Quick News Bit

Youth With Gender Dysphoria Hospitalized for Suicidal Ideation Far More Often

0

Hospitalizations due to suicidality and self-harm were four or fives times more common in young people with gender dysphoria-related diagnoses compared with those without such diagnoses, a serial cross-sectional study showed.

Among transgender and non-binary young people ages 6 to 20 included in the Kids’ Inpatient Database for 2016 and 2019, 36% of those with gender dysphoria-related codes also had suicidality codes compared with 5% of those without gender dysphoria-related codes in 2016 (adjusted prevalence ratio [PR] 5.02, 95% CI 4.67-5.41), and these rates were 55% versus 4% in 2019 (adjusted PR 4.14, 95% CI 4.02-4.28), reported Nadir Yehya, MD, of Children’s Hospital of Philadelphia, and co-authors.

Furthermore, 13% of those with gender dysphoria-related diagnoses also had codes for self-harm compared with 1% of those without such diagnoses in 2016 (adjusted PR 3.64), and these rates were 15% versus 1% for 2019 (adjusted PR 3.75), according to the findings in Lancet Child and Adolescent Health.

When combining suicidality and self-harm, the adjusted PR was 4.77 (95% CI 4.46-5.09) in 2016, and 4.04 (95% CI 3.94-4.17) in 2019.

“Transgender and non-binary youth with gender dysphoria are commonly admitted for suicide or self-harm,” Yehya told MedPage Today. “This happens more frequently than pediatric providers may be aware of. Further, gender dysphoria should be considered as a possible etiology for any patient who is admitted [for] suicidal behavior or self-harm.”

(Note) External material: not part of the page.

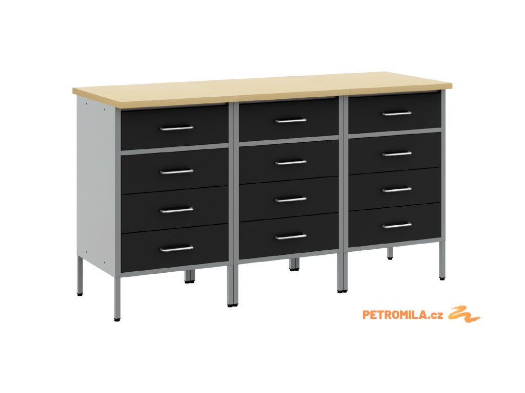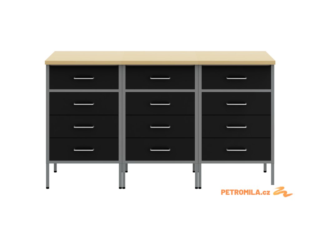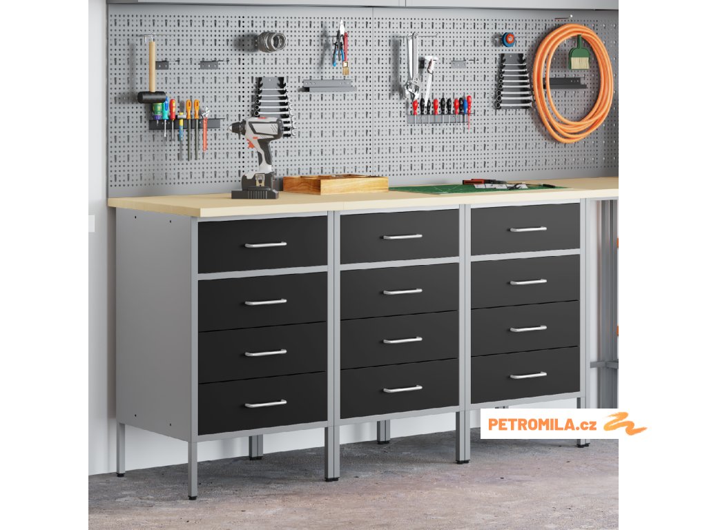 Pracovní skříň se zásuvkou 3 pcs Černá a šedá 150 x 55 x 85 cm

“We are amidst a mental health crisis in children and adolescents, so unfortunately the rates are not totally surprising in general. It is particularly concerning that the prevalence is quite high even in the 6- to 12-year-olds,” he added. “The inpatient setting offers a unique opportunity to provide care that is gender affirming to this population placed at risk for poor health outcomes.”

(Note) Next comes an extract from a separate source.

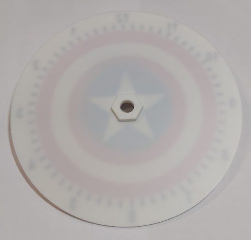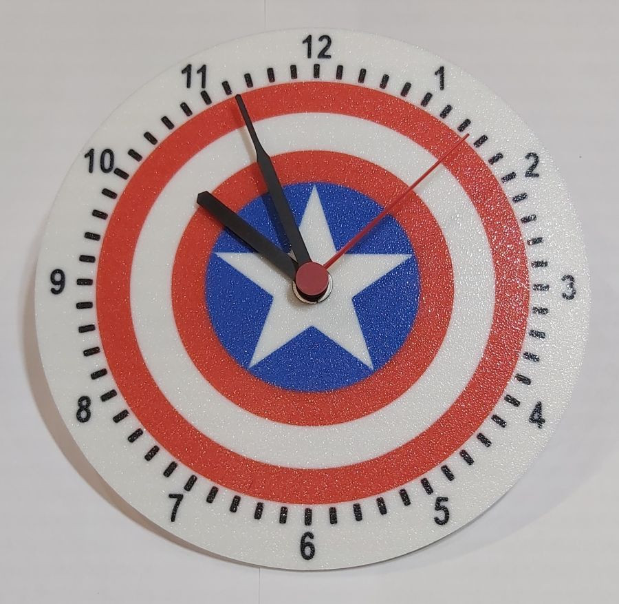 Egyedi falióra Amerika kapitány pajzs 175mm, plusz óraszerkezet.Óra működtetéséhez egy darab AA elem kell, ami nem tartozék.Alap fekete óra és perc mutató, pluszban kérhető fehér óra és perc mutató is.Feladás esetén nem szereljük össze a sérülés elkerülése véget, a boltban összeszerelve is át tudjuk adni.Az óraszerkezet könnyen cserélhető akár más típusokra is.Kérésre az óra számlap hátuljára egyedi méretű óraszerkezet tartót is készítünk.Az óra számlap közepén 10mm átmérőjű lyuk van, hátul egy 3mm vastag hatszög pozicionáló van, az óraszerkezet tartó dobozához, ami levehető a számlap hátuljáról.Szerelés az óraszerkezet csavarjával lehet összehúzni, utána a mutatókat kell felrakni, más nem is kell.Szín: a képen láthatóAnyaga: műanyag PLAHőmérséklet: 60 fok max, ezért kérem mosogatógépbe ne tegye, mert vetemedik.Tisztítás langyos mosogatószeres vízzel, lehetséges, az óraszerkezet kivétele után.Méret óra számlap: 175x2mm, plusz az óratartó szerkezet házaAz óra előlapon lévő kép, vagy felirat nem festéssel kerül fel, hanem 3D nyomtatással 0,6mm mélyen van a felületben, ezért nem kopik le.

“Admission for suicide or self-harm represents a uniquely vulnerable and critical time for these kids,” Yehya continued. “We as providers are in a position to provide care that is gender-affirming in the inpatient setting, by using their correct names, pronouns, and linking them to evidence-based, gender-affirming medical and mental health care in the outpatient setting. Their lives depend on it.”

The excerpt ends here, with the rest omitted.